Please transcribe the data that follows exactly as given, leaving out every picture.

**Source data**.

—————

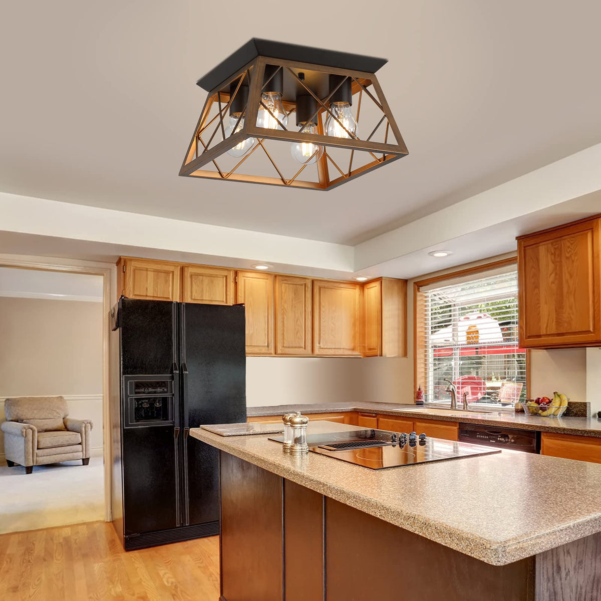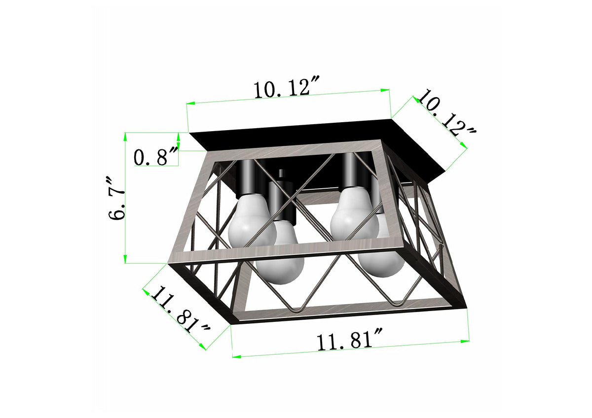 This Industrial vintage ceiling light features a striking geometric Bronze metal frame complemented by an ORB color network wire design. With a semi-open structure and four LED Edison Bulbs, this square light fixture brings a classic artistic charm to any space, making it a captivating addition to your home décor.
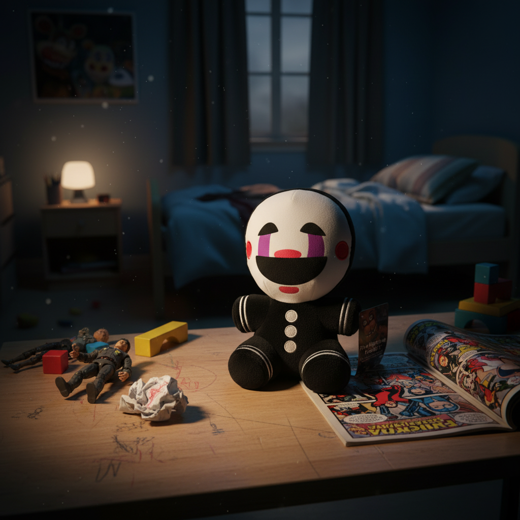 Se você é fã do universo FNAF, essa pelúcia da Marionette é aquele item obrigatório que não pode faltar na sua prateleira, setup ou coleção temática. Perfeita para quem vive o terror dos animatrônicos… mas quer uma versão mais fofa (e misteriosa 👁️).
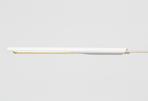 The OTTO One Arm Pendant features a single cantilevered arm extending from a customizable drop with a naturally occurring arc. Both the arm and the drop are formed from tubular brass; the arm is completed by a powder coated aluminum shade containing a dimmable LED source. The drop has a 245 degree range of rotation from the canopy; the shade also rotates 300 degrees.
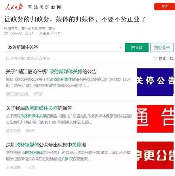 昨天,中青報評論員曹林的一篇《政務歸政務,媒體歸媒體,多數政務新媒體都該關停》的微信推文刷屏了荊楚君的朋友圈。
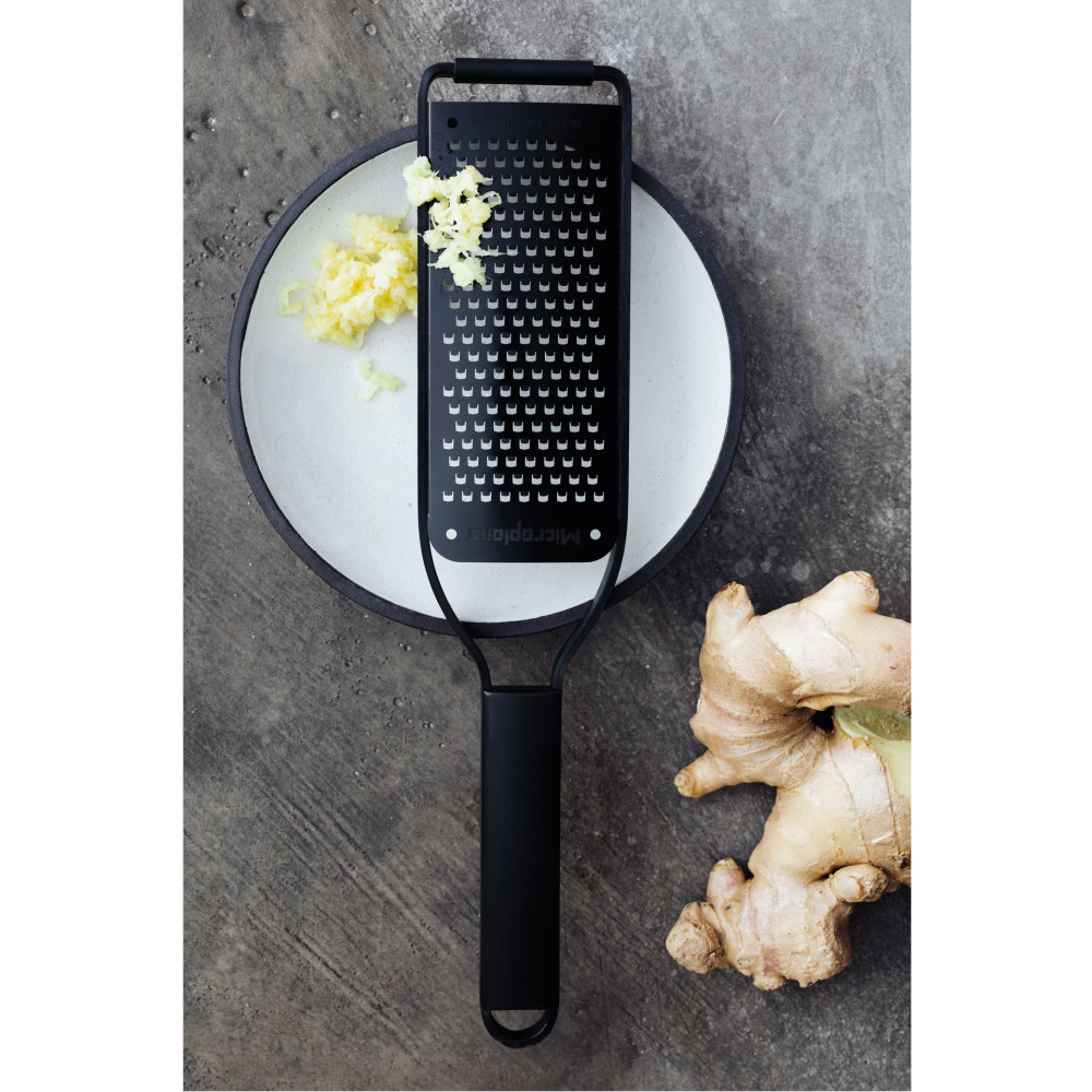 Microplane® jest firmą docenianą na całym świecie przez profesjonalnych szefów kuchni i entuzjastów gotowania.Uznana na całym świecie amerykańska firma Microplane jest producentem z 50-letnim doświadczeniem, który zastosował do produkcji tarek technologię fototrawienia - innowacyjny proces zaprojektowany specjalnie do tworzenia nieskazitelnie ostrych krawędzi tnących. Maleńkie zęby zachowują się jak niezwykle ostre noże do precyzyjnego krojenia składników. Nie rozdzierają i nie zgniatają produktów jak większość dostępnych na rynku „tarek tłoczonych”. Te specjalistyczne ostrza sprawiają, że jedzenie nie przykleja się ani nie blokuje, ale delikatnie przesuwa się po powierzchni cięcia, zapewniając doskonałe rezultaty ścierania na drobne wiórki i nitki, a produkty wilgotne na miazgę.
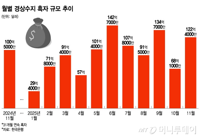 1~11¿ù ´©Àû °æ»ó¼öÁö ÈæÀÚ´Â 1000¾ï´Þ·¯¸¦ Èǽ ³Ñ¾ú´Ù. ¿¬°£ ÃÖ´ë ÈæÀÚ ´Þ¼ºµµ ±âÁ¤»ç½ÇȵƴÙ. Çѱ¹ÀºÇàÀº ¹ÝµµÃ¼ Áß½ÉÀÇ ¼öÃâ È£Á¶¼¼°¡ À̾îÁö¸é¼ ¿ÃÇØ´Â ³»³âº¸´Ù °æ»ó¼öÁö ÈæÀÚ ±Ô¸ð°¡ ´õ È®´ëµÉ °ÍÀ¸·Î Àü¸ÁÇß´Ù.
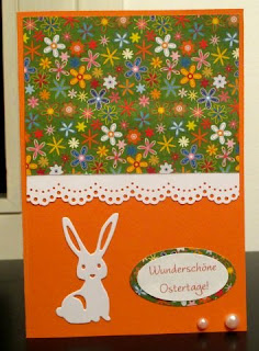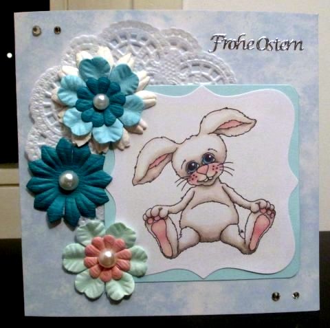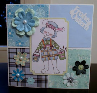 Obwohl es heute wieder richtig kalt geworden ist, habe ich eine Osterkarte gebastelt. Der kleine "Hasenmaler" ist ein Digi von freedeariedolls. Mit dem Bemalen der Ostereier scheint er schon fertig zu sein ;)
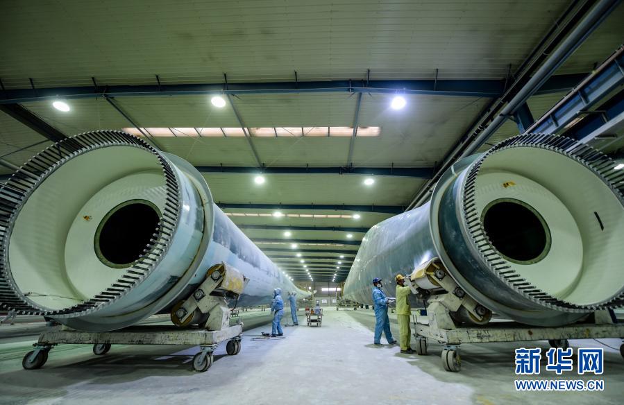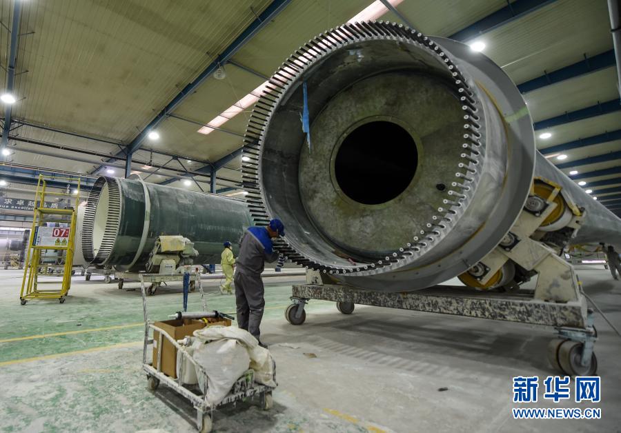 3月17日,在鄂尔多斯装备制造工业园区内,一家新材料科技股份有限公司蒙西分公司的工人在进行风叶壳外部补强作业。
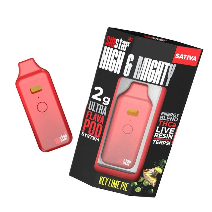 Take your vaping experience to the next level with Sinstar High & Mighty FLAVA PODS. Each 2-gram disposable is infused with 38% THC-A, 21% CBDa, and 16% CBT, delivering a potent, well-balanced effect profile. Crafted with premium live resin and boosted terpenes, these pods offer rich flavor, smooth vapor, and powerful results. Perfect for both retail shelves and wholesale buyers, they combine convenience, performance, and exceptional taste in every puff. Available Flavors: Key Lime Pie – Zesty lime with creamy, sweet pie notes for a tangy dessert-inspired hit. Whether for personal use or as a top-seller in your store, Sinstar High & Mighty offers unmatched taste and performance.
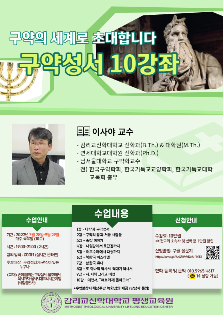 감리교신학대학교 부설 평생교육원에서 이사야교수를 강사로 ‘구약성서10강좌’를 온라인으로 진행한다. 이사야교수는 감리교신학대학교와 동대학원을 졸업하고, 연세대대학원에서 구약학으로 박사학위를 취득한 후, 한국구약학회를 비롯한 다양한 학회 활동과 강의를 하고 있는 굴지의 학자이다. 그의 다양한 경험과 지식을 본 과정을 통해 나눌 수 있는 기회가 될 것이다.
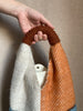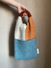 The handle is quite intentional too, so it can be hung up and clearly on view during the day as a colourful, visual reminder - ready for when you have a moment to yourself.  The handle is bound using a knitted cord handmade from our stock of yarns, previously used to weave our Milnsbridge cloth with – it does make it easier to carry about the house too.
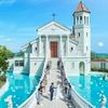 【水上に浮かぶ独立型大聖堂で挙式体験】天井高10M・バージンロード20Mの圧巻のスケール感。自然光が降り注ぎ青×白のコントラストが美しいと話題。挙式の後は大階段で憧れのフラワーシャワーも叶う
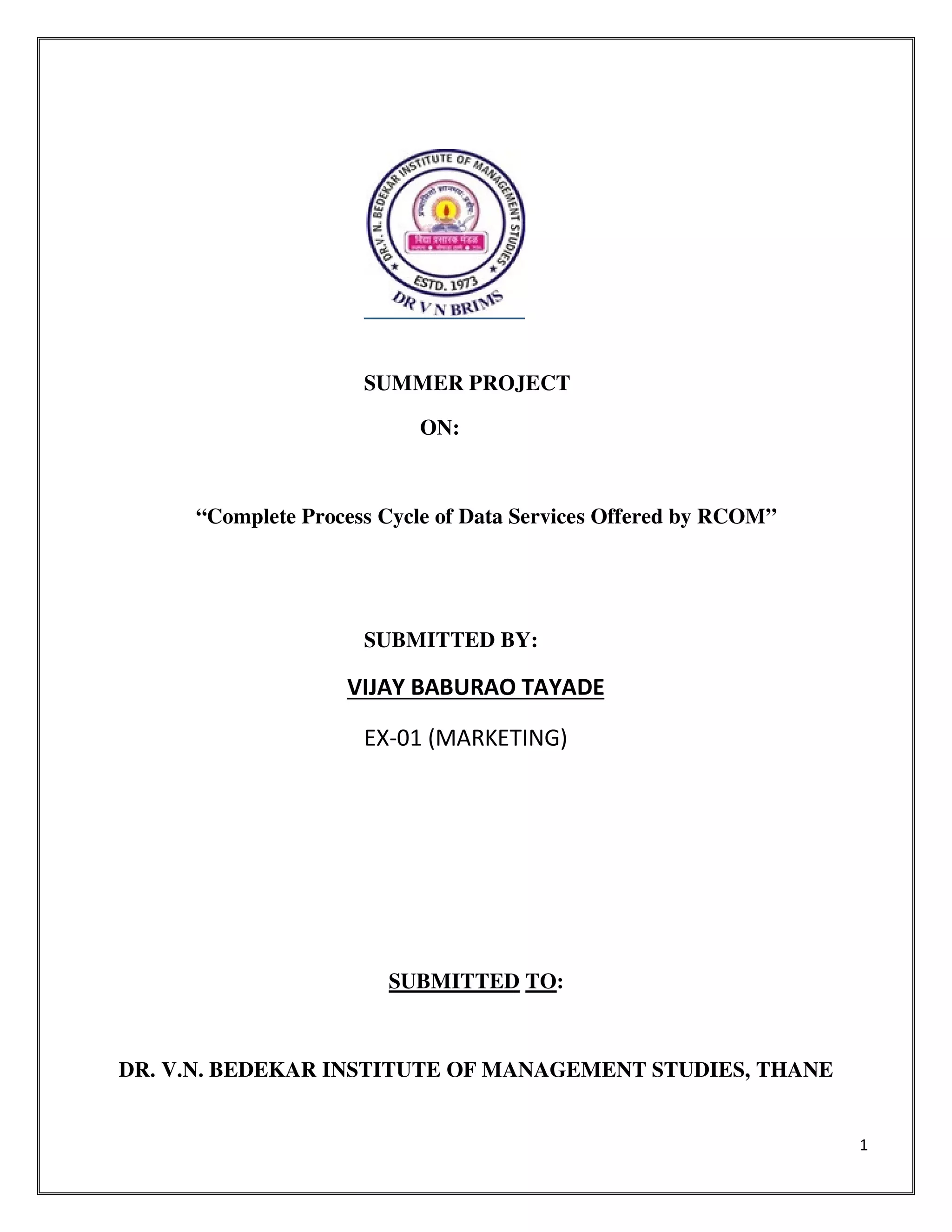 The document outlines a summer project focusing on the complete process cycle of data services offered by Reliance Communications (RCom), detailing its history, services, and business model. It describes RCom as one of the leading telecommunications companies in India, providing an extensive range of data services and aiming to enhance customer experience. The project aims to understand the availability, requirements, and sales processes of these data services in the market.
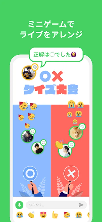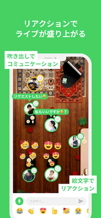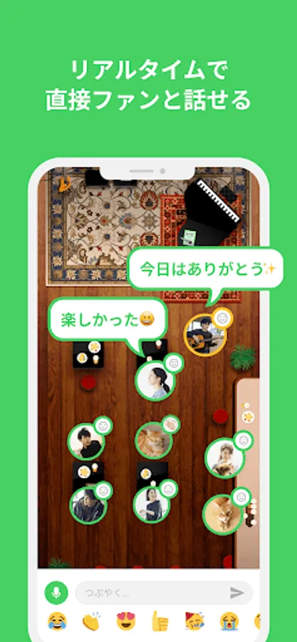 ルームに入るだけでライブに参加でき、ライブをただ聞くだけではなく、直接アーティストと話したり、ミニゲームも行えます!
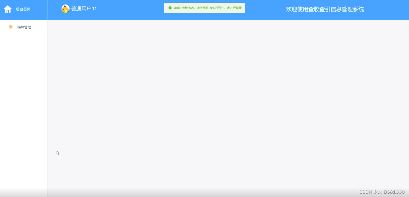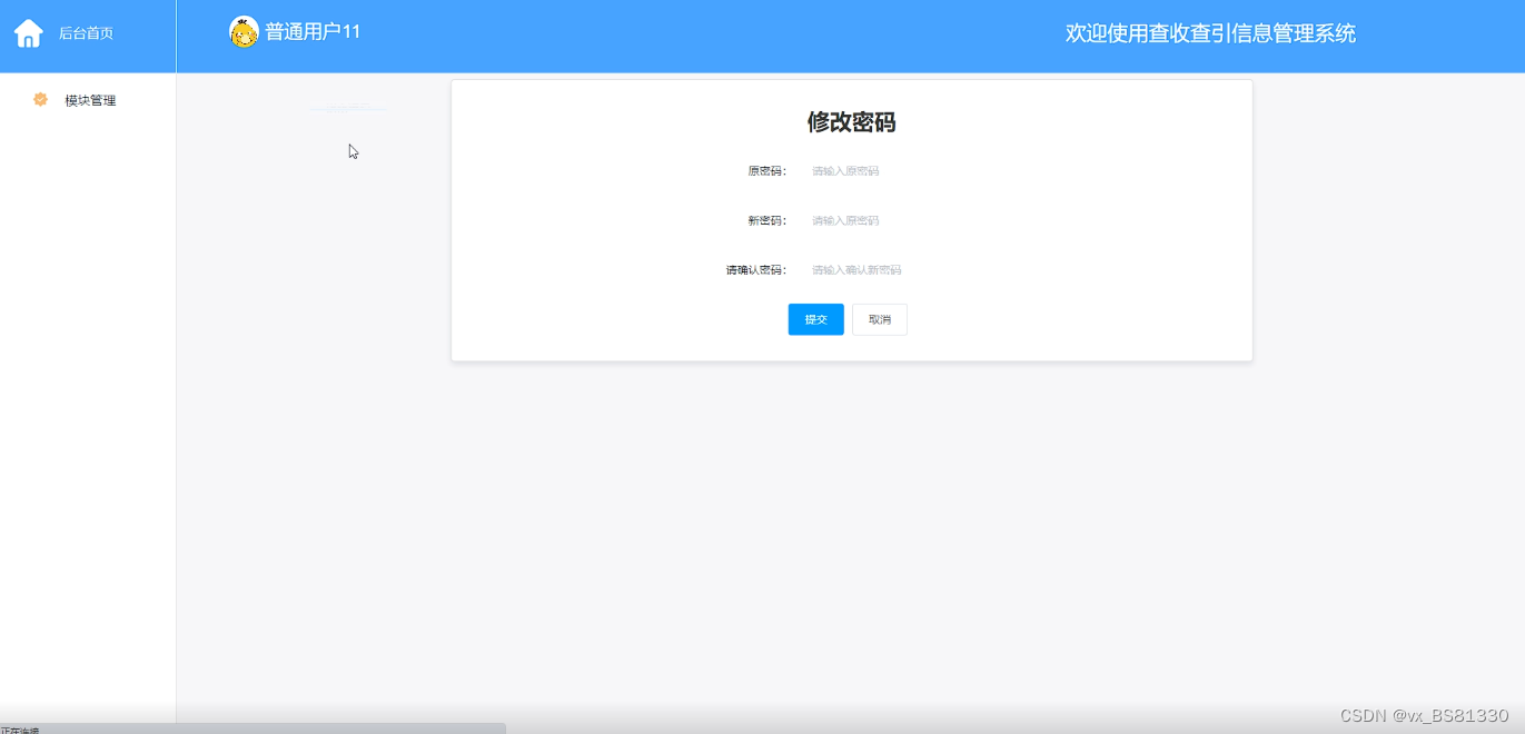 该模块是为所有用户登录设计的,如用户这种普通用户登录后只能进行自己的普通功能操作(如个人信息修改),管理员和超级管理员登录后有不同的权限,管理员不能超越权限。超级管理员能对整个系统的数据进行管理,主要是用户的登录权限以及用户登录后在系统里的操作权限。

—————

**RESPONSE BOX**.
 This Industrial vintage ceiling light features a striking geometric Bronze metal frame complemented by an ORB color network wire design. With a semi-open structure and four LED Edison Bulbs, this square light fixture brings a classic artistic charm to any space, making it a captivating addition to your home décor.
 Se você é fã do universo FNAF, essa pelúcia da Marionette é aquele item obrigatório que não pode faltar na sua prateleira, setup ou coleção temática. Perfeita para quem vive o terror dos animatrônicos… mas quer uma versão mais fofa (e misteriosa 👁️).
 The OTTO One Arm Pendant features a single cantilevered arm extending from a customizable drop with a naturally occurring arc. Both the arm and the drop are formed from tubular brass; the arm is completed by a powder coated aluminum shade containing a dimmable LED source. The drop has a 245 degree range of rotation from the canopy; the shade also rotates 300 degrees.
 昨天,中青報評論員曹林的一篇《政務歸政務,媒體歸媒體,多數政務新媒體都該關停》的微信推文刷屏了荊楚君的朋友圈。
 Microplane® jest firmą docenianą na całym świecie przez profesjonalnych szefów kuchni i entuzjastów gotowania.Uznana na całym świecie amerykańska firma Microplane jest producentem z 50-letnim doświadczeniem, który zastosował do produkcji tarek technologię fototrawienia - innowacyjny proces zaprojektowany specjalnie do tworzenia nieskazitelnie ostrych krawędzi tnących. Maleńkie zęby zachowują się jak niezwykle ostre noże do precyzyjnego krojenia składników. Nie rozdzierają i nie zgniatają produktów jak większość dostępnych na rynku „tarek tłoczonych”. Te specjalistyczne ostrza sprawiają, że jedzenie nie przykleja się ani nie blokuje, ale delikatnie przesuwa się po powierzchni cięcia, zapewniając doskonałe rezultaty ścierania na drobne wiórki i nitki, a produkty wilgotne na miazgę.
 1~11¿ù ´©Àû °æ»ó¼öÁö ÈæÀÚ´Â 1000¾ï´Þ·¯¸¦ Èǽ ³Ñ¾ú´Ù. ¿¬°£ ÃÖ´ë ÈæÀÚ ´Þ¼ºµµ ±âÁ¤»ç½ÇȵƴÙ. Çѱ¹ÀºÇàÀº ¹ÝµµÃ¼ Áß½ÉÀÇ ¼öÃâ È£Á¶¼¼°¡ À̾îÁö¸é¼ ¿ÃÇØ´Â ³»³âº¸´Ù °æ»ó¼öÁö ÈæÀÚ ±Ô¸ð°¡ ´õ È®´ëµÉ °ÍÀ¸·Î Àü¸ÁÇß´Ù.
 Obwohl es heute wieder richtig kalt geworden ist, habe ich eine Osterkarte gebastelt. Der kleine "Hasenmaler" ist ein Digi von freedeariedolls. Mit dem Bemalen der Ostereier scheint er schon fertig zu sein ;)
 3月17日,在鄂尔多斯装备制造工业园区内,一家新材料科技股份有限公司蒙西分公司的工人在进行风叶壳外部补强作业。
 Take your vaping experience to the next level with Sinstar High & Mighty FLAVA PODS. Each 2-gram disposable is infused with 38% THC-A, 21% CBDa, and 16% CBT, delivering a potent, well-balanced effect profile. Crafted with premium live resin and boosted terpenes, these pods offer rich flavor, smooth vapor, and powerful results. Perfect for both retail shelves and wholesale buyers, they combine convenience, performance, and exceptional taste in every puff. Available Flavors: Key Lime Pie – Zesty lime with creamy, sweet pie notes for a tangy dessert-inspired hit. Whether for personal use or as a top-seller in your store, Sinstar High & Mighty offers unmatched taste and performance.
 감리교신학대학교 부설 평생교육원에서 이사야교수를 강사로 ‘구약성서10강좌’를 온라인으로 진행한다. 이사야교수는 감리교신학대학교와 동대학원을 졸업하고, 연세대대학원에서 구약학으로 박사학위를 취득한 후, 한국구약학회를 비롯한 다양한 학회 활동과 강의를 하고 있는 굴지의 학자이다. 그의 다양한 경험과 지식을 본 과정을 통해 나눌 수 있는 기회가 될 것이다.
 The handle is quite intentional too, so it can be hung up and clearly on view during the day as a colourful, visual reminder - ready for when you have a moment to yourself.  The handle is bound using a knitted cord handmade from our stock of yarns, previously used to weave our Milnsbridge cloth with – it does make it easier to carry about the house too.
 【水上に浮かぶ独立型大聖堂で挙式体験】天井高10M・バージンロード20Mの圧巻のスケール感。自然光が降り注ぎ青×白のコントラストが美しいと話題。挙式の後は大階段で憧れのフラワーシャワーも叶う
 The document outlines a summer project focusing on the complete process cycle of data services offered by Reliance Communications (RCom), detailing its history, services, and business model. It describes RCom as one of the leading telecommunications companies in India, providing an extensive range of data services and aiming to enhance customer experience. The project aims to understand the availability, requirements, and sales processes of these data services in the market.
 ルームに入るだけでライブに参加でき、ライブをただ聞くだけではなく、直接アーティストと話したり、ミニゲームも行えます!
 该模块是为所有用户登录设计的,如用户这种普通用户登录后只能进行自己的普通功能操作(如个人信息修改),管理员和超级管理员登录后有不同的权限,管理员不能超越权限。超级管理员能对整个系统的数据进行管理,主要是用户的登录权限以及用户登录后在系统里的操作权限。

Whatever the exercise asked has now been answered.